The top 10 percent law should probably be done away with, but it is not the subject of this lawsuit, and is not explicitly pro-affirmative action legislation. That racial discrimination is practiced for all other applicants, however, is wildly unfair. Sugar Land, Abigail Fisher’s hometown, is one of the most affluent and fastest-growing cities in the state of Texas and has an excellent public school system. If Abigail Fisher was indeed only marginally below the 90th percentile, she should, if Texas follows national trends, still have been head and shoulders above many students who were automatically accepted, and certainly far above many of the round two applicants who were not in the top 10 percent. She was, it is safe to say, more qualified than the vast majority of competitive applicants, and judging solely on academics, deserved acceptance.

Of course, universities take into account many factors that are not academic. Extracurricular activities play an important role, as do cases in which an applicant has had to overcome adversity—being a Vietnamese orphan who lost his legs after stepping on an old land mine, for instance—but race is completely beyond a person’s power to control, and does not necessarily speak to having overcome obstacles to achieve.
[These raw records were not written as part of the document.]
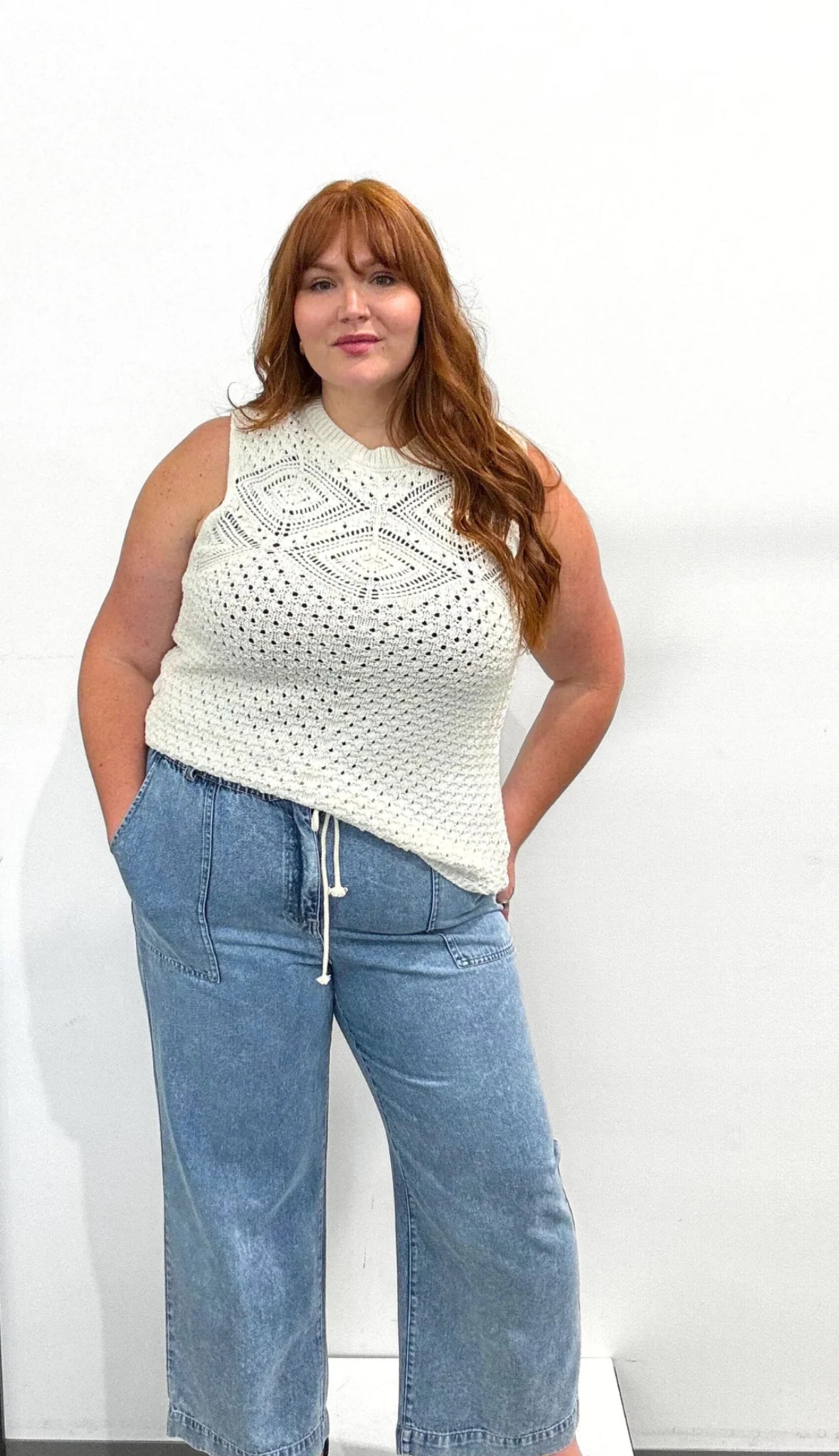 This gorgeous tank is a thin sweater material with cut out design details. Wear it alone or layer it as the weather cools. This is a staff favorite for sure!
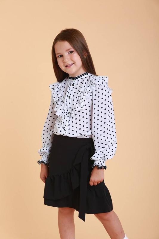блузка Орохи Стоимость 700 факультета арт: 1172 Застібка: планка на гудзиках; манжет на резиночках; мережево Горох темно синий (почти черный) Тканина: софт Ростовка : 122-152 Замеры: плечи/ рукав от плеча/ ОГ/ длина Рост 122: 30/ 49/ 70/ 46 Рост 128: 31/ 51/ 72/ 47 Рост 134: 32/ 53/ 76/ 48 Рост 140: 32,5/ 55/ 78/ 49 Рост 146: 34/ 57/ 80/ 51 Рост 152: 35/ 61/ 85/ 56 ОТПРАВКА С ФАБРИКИ!
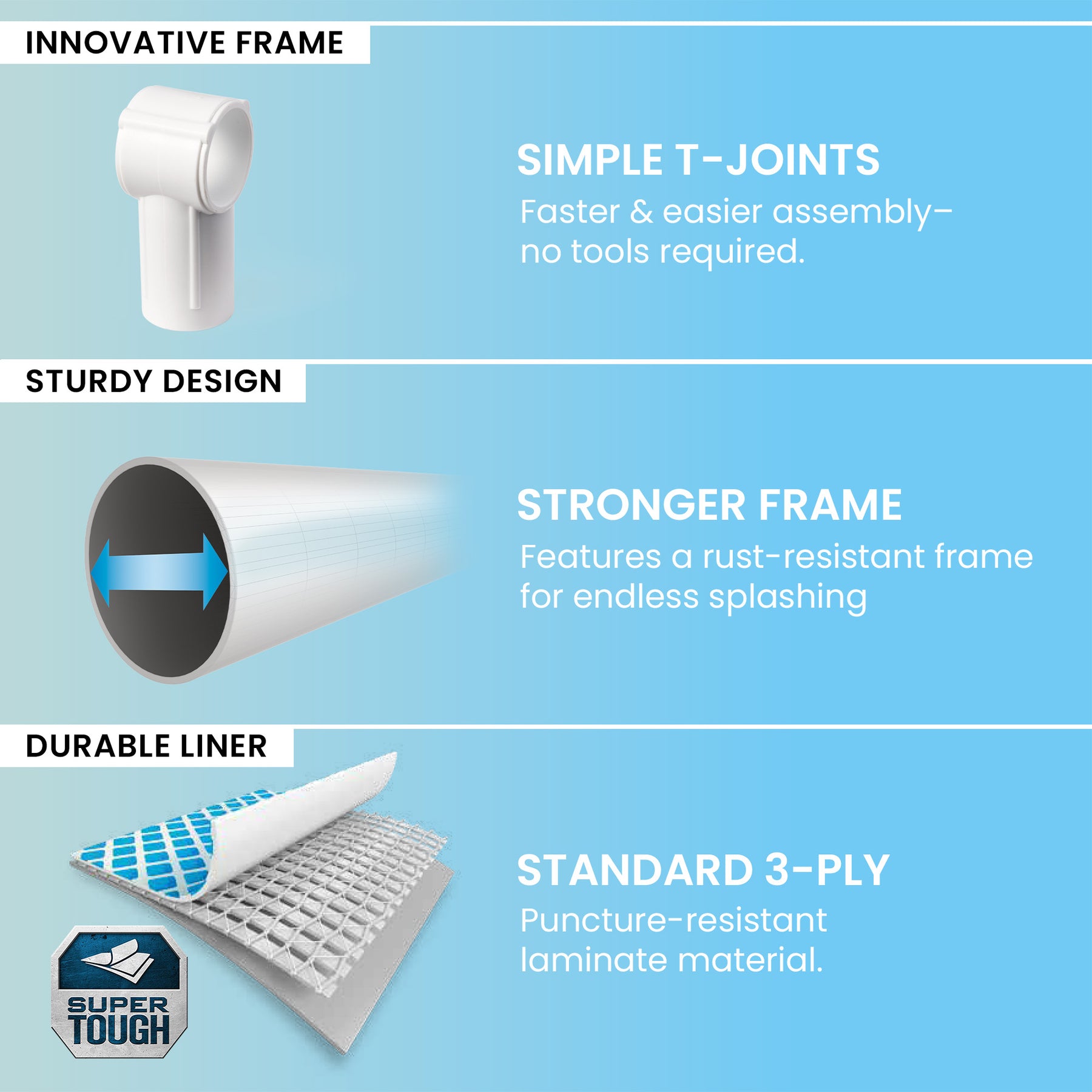 - Super-tough laminated sidewalls are reinforced with an all-around band to keep frame legs firmly in place while you splash and play outside
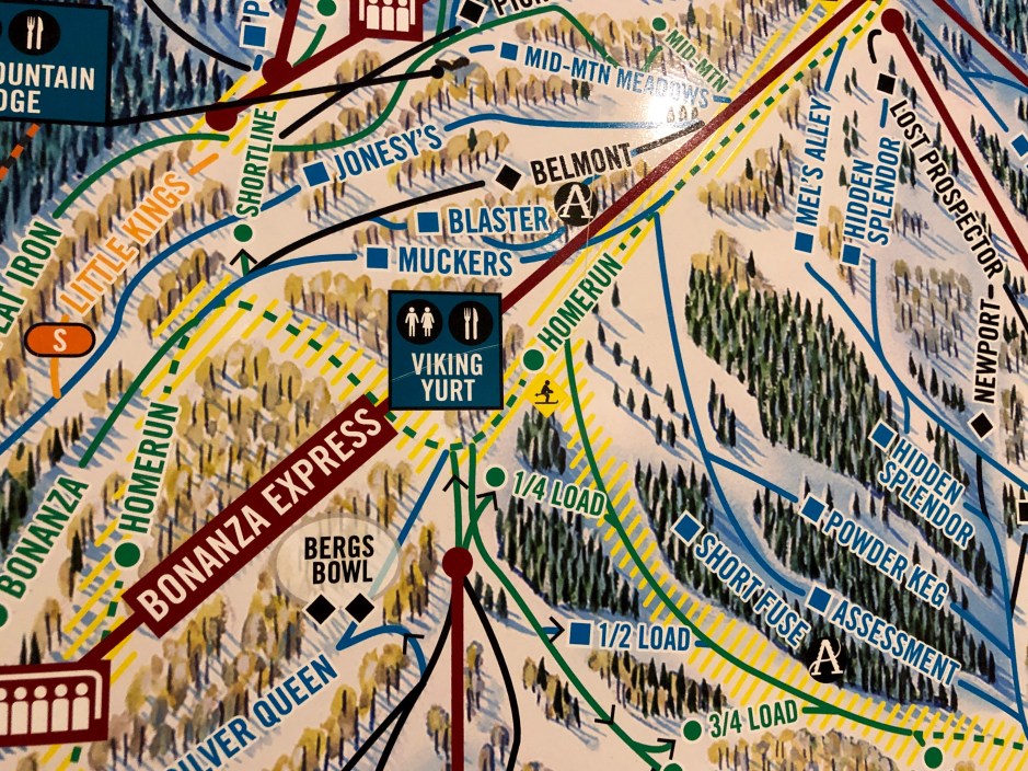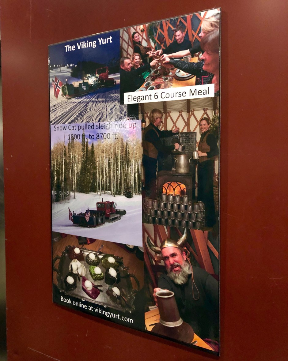 We hung out in the lobby by the Guest Services Desk, signing a waiver and chatting with other yurt-goers. I met a sweet woman from Virginia whose son had surprised her with the dinner for her birthday the day before. There seemed to be a healthy mix of locals and tourists, less than 50 people in all. A peek into the ski shop and listening to guests at the resort talking reminded me that we live in a place people want to come for vacation! While we waited, John pointed out the ski runs he likes best on the huge trail map on the wall. I spied the Viking Yurt high on the mountain, but had no idea what to expect.
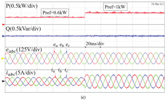 Experimental results of transient responses when increases from 0.6 kW to 1 kW. (a) Conventional MPPC, (b) proposed basic MFPPC, and (c) proposed improved MFPPC.
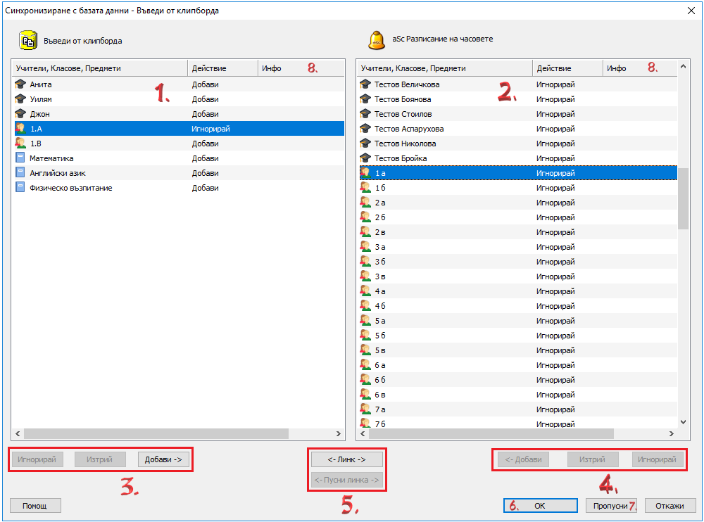 Диалоговата кутия показва различията между данните (учители, класове и др.) в aSc Разписание и базаданни. Левият списък показва данни от базаданни, които ги няма в разписанието, или са в разписанието, но се различават по нещо (например, различно име, съкратено име и др.). Десният сипък 2 показва, че данните са само в aSc Разписание, или че данните от разписанието се различават от тези в базаданни. Вашата задача тук е да прегледате или промените действията 8 за всяка редица в двата списъка. Можете да направите това като кликнете на бутона долу. Бутон 3 ще промени действие в списък базаданни 1, а бутон 4 в списък 2 на разписанието. Бутон 5 се прилага и при двата списъка (трябва да изберете един обект от всеки списък).
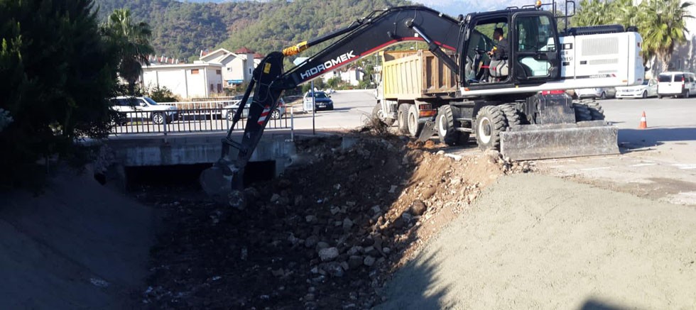 Kemer Belediyesinin yaptığı dere ıslah çalışmaları ile kış aylarında yaşanabilecek sel ve su taşkınlarının önüne geçilmesi amaçlanıyor.
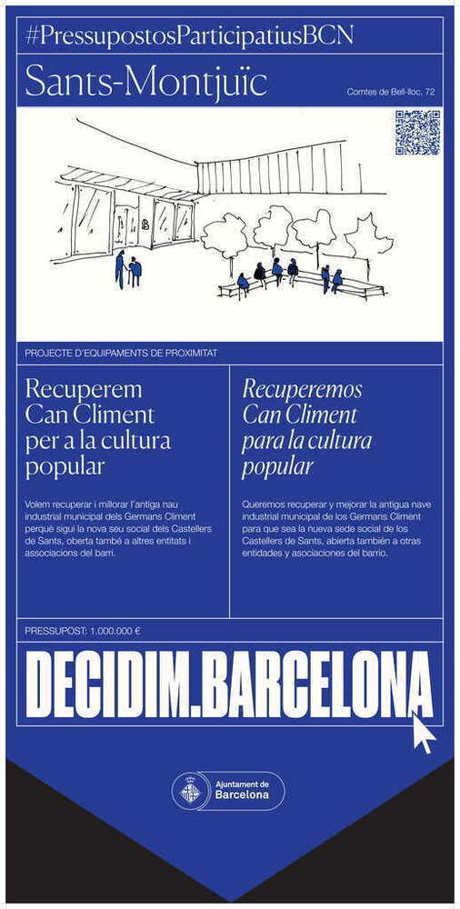 Descripció breu: Volem recuperar i millorar l’antiga nau industrial municipal dels Germans Climent perquè sigui la nova seu social dels Castellers de Sants, oberta també a altres entitats i associacions del barri.
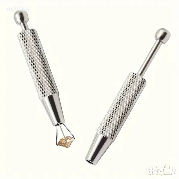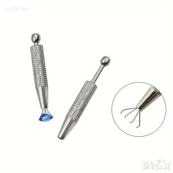 Основната функция на този инструмент е да взема и поставя малки камъни, мъниста или други миниатюрни части лесно и здраво. Механизмът осигурява стабилен захват, който предотвратява изплъзване и загуба на малките елементи, докато работите. Това е особено полезно при закрепване на камъни, подреждане на мъниста или манипулиране на дребни компоненти.
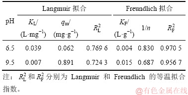 ,说明氟碳铈矿吸附辛基羟肟酸符合Freundlich等温吸附方程,辛基羟肟酸OHA在氟碳铈矿表面的吸附是多层、不均匀吸附,即同时存在物理吸附和化学吸附。Freundlich方程中非线性指数1/n反映吸附质吸附位点能量分布特征,吸附常数KF反映吸附能力的强弱,KF越大,吸附能力越大;1/n越小,吸附强度越大[27]。由表2可知:氟碳铈矿在pH=9.5时吸附辛基羟肟酸OHA能力优于pH=6.5时的吸附能力。
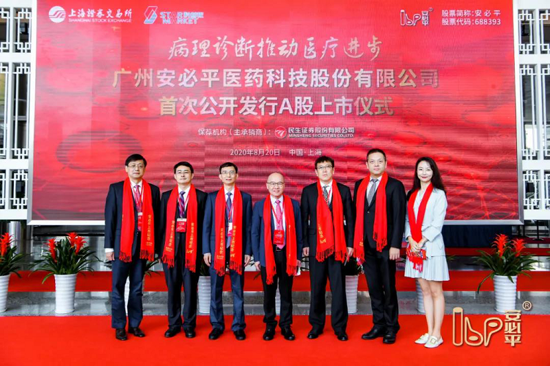 今天,广州安必平医药科技股份有限公司(证券简称:安必平,证券代码:688393)科创板上市仪式在上海证券交易所及上海证券交易所南方中心(广州)同步举行,这是国内病理诊断领域第一股,也是安必平历史的重要一刻。安必平董事长、总经理蔡向挺先生、广州开发区管委会副主任张晖先生、广州开发区金融工作局副局长汤克明先生、民生证券股份有限公司执行副总裁、投资银行事业部总裁杨卫东先生、安必平董事、董事会秘书、副总经理汪友明先生、安必平董事陈吾科先生、股东代表深圳高特佳弘瑞投资董事长黄青女士、中山大学Ezpay钱包基因股份有限公司董事、总经理周新宇先生等股东及中介团队代表、安必平高管团队等出席了本次在上海证券交易所举行的安必平科创板上市仪式,共同见证这一具有里程碑意义的时刻。
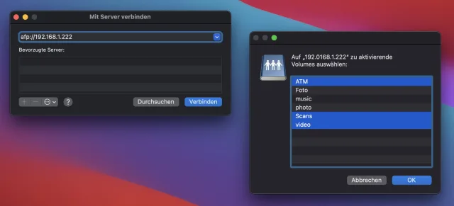 Die gefundene Lösung war sehr einfach. Der Finder versuchte, sich via SMB mit der DiskStation zu verbinden, im Screenshot oben zu erkennen am Adressformat «smb://». Und das funktioniert leider nicht. Wird hingegen auf Apples eigenes AFP-Protokoll ausgewichen, klappt die Verbindung auf Anhieb. In meinem Fall lautet die Adressierung «afp://192.168.1.222», gefolgt von einem Klick auf die Schaltfläche «Verbinden». Danach wird das gewünschte Volume ausgewählt, mit gedrückter Command-Taste gerne auch mehrere.
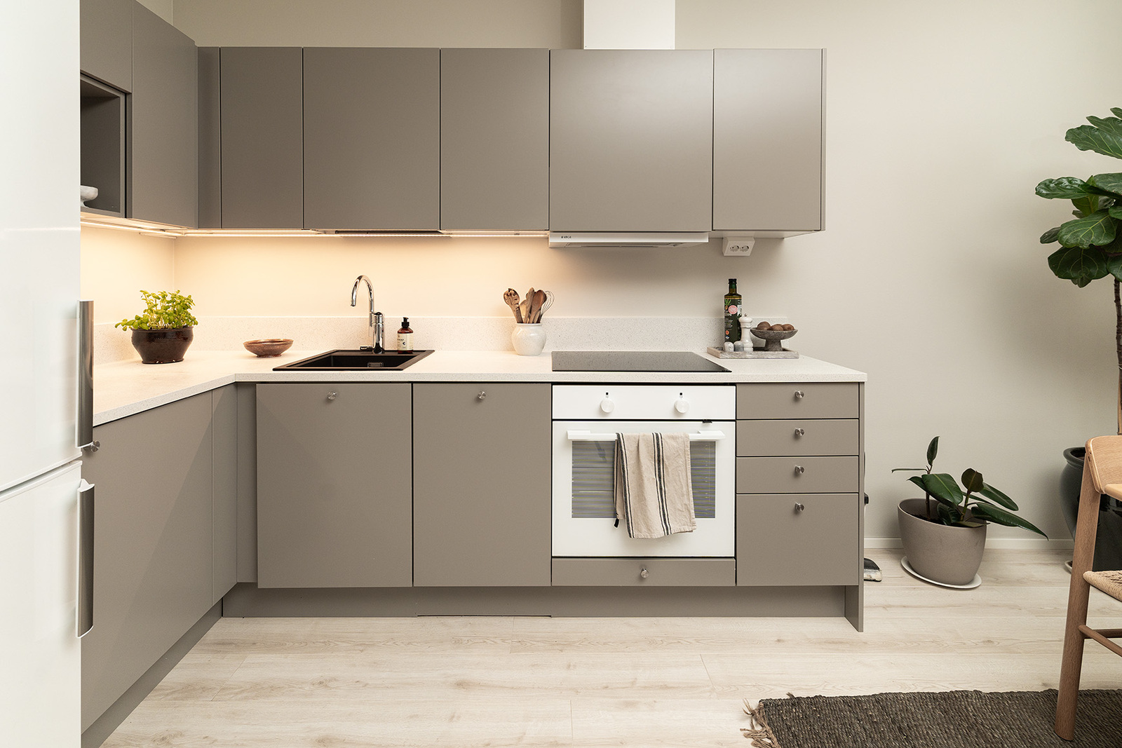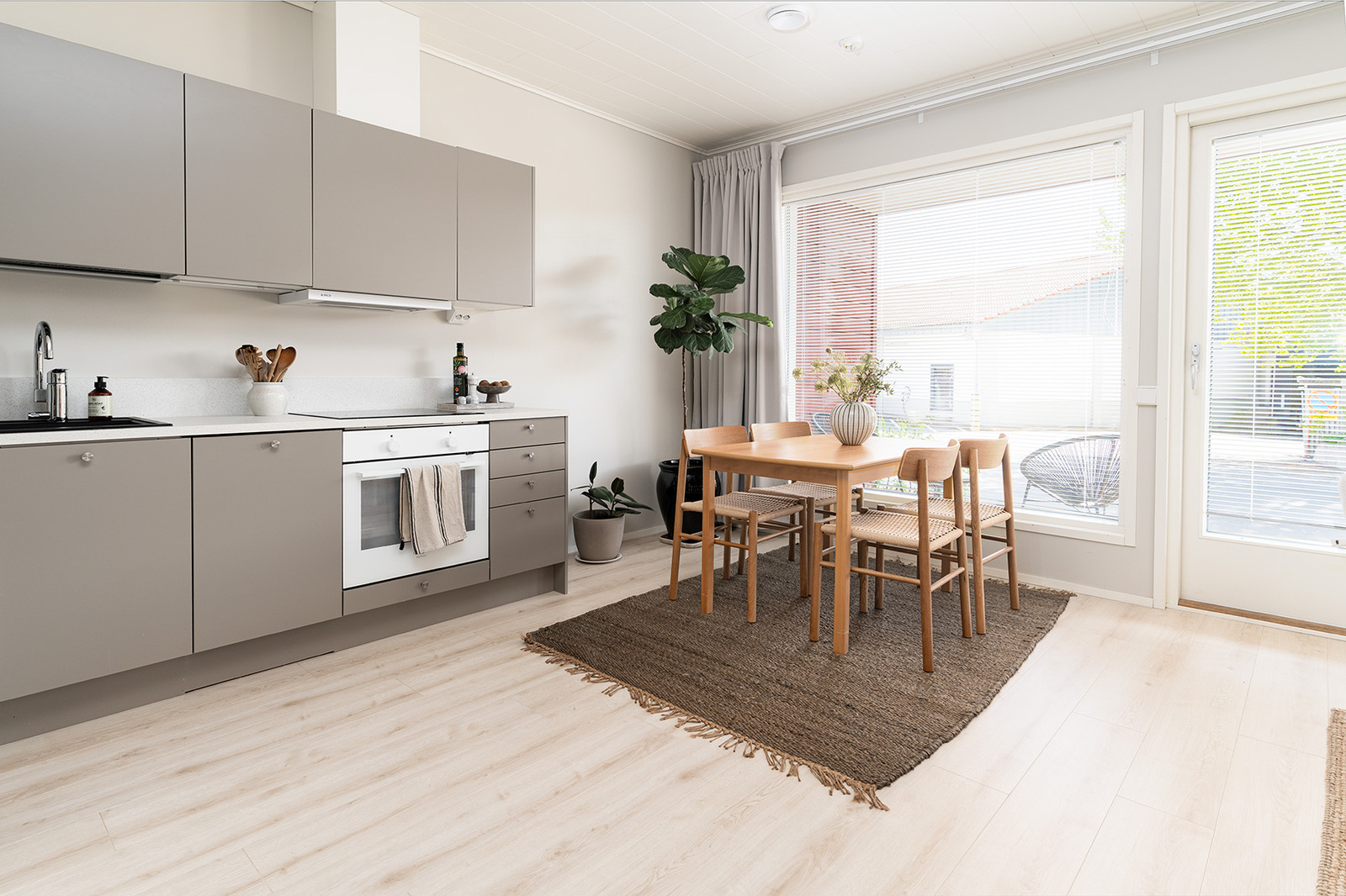 | Keittiön kuvaus | Liesi (Induktioliesi ja erillisuuni, liesitaso), seinät (maali), lattiat (laminaatti), liesi, jääkaappipakastin, erillisuuni, liesituuletin, astianpesukone ja kiinteät valaisimet, liesitaso |

Affirmative action has been repeatedly shown to benefit richer, better-educated minorities, not those from the inner city, and even if this reverse discrimination did what it was supposed to do, it would not be justified. Racism is morally reprehensible in all its forms, be it demanding that blacks sit in the back of the bus, or barring whites from admission to the college of their choice.

Abigail Fisher wanted to go to a Texas state school, and by all measurements, she was a qualified applicant, more so than many who were accepted. That she was not speaks to the unfair discrimination that is affirmative action. Martin Luther King, Jr., in an oft-quoted speech, remarked that he wanted his children to live in a nation “where they will be judged not by the color of their skin,” and the Supreme Court in its decision should recognize the racial injustice of the Texas application progress.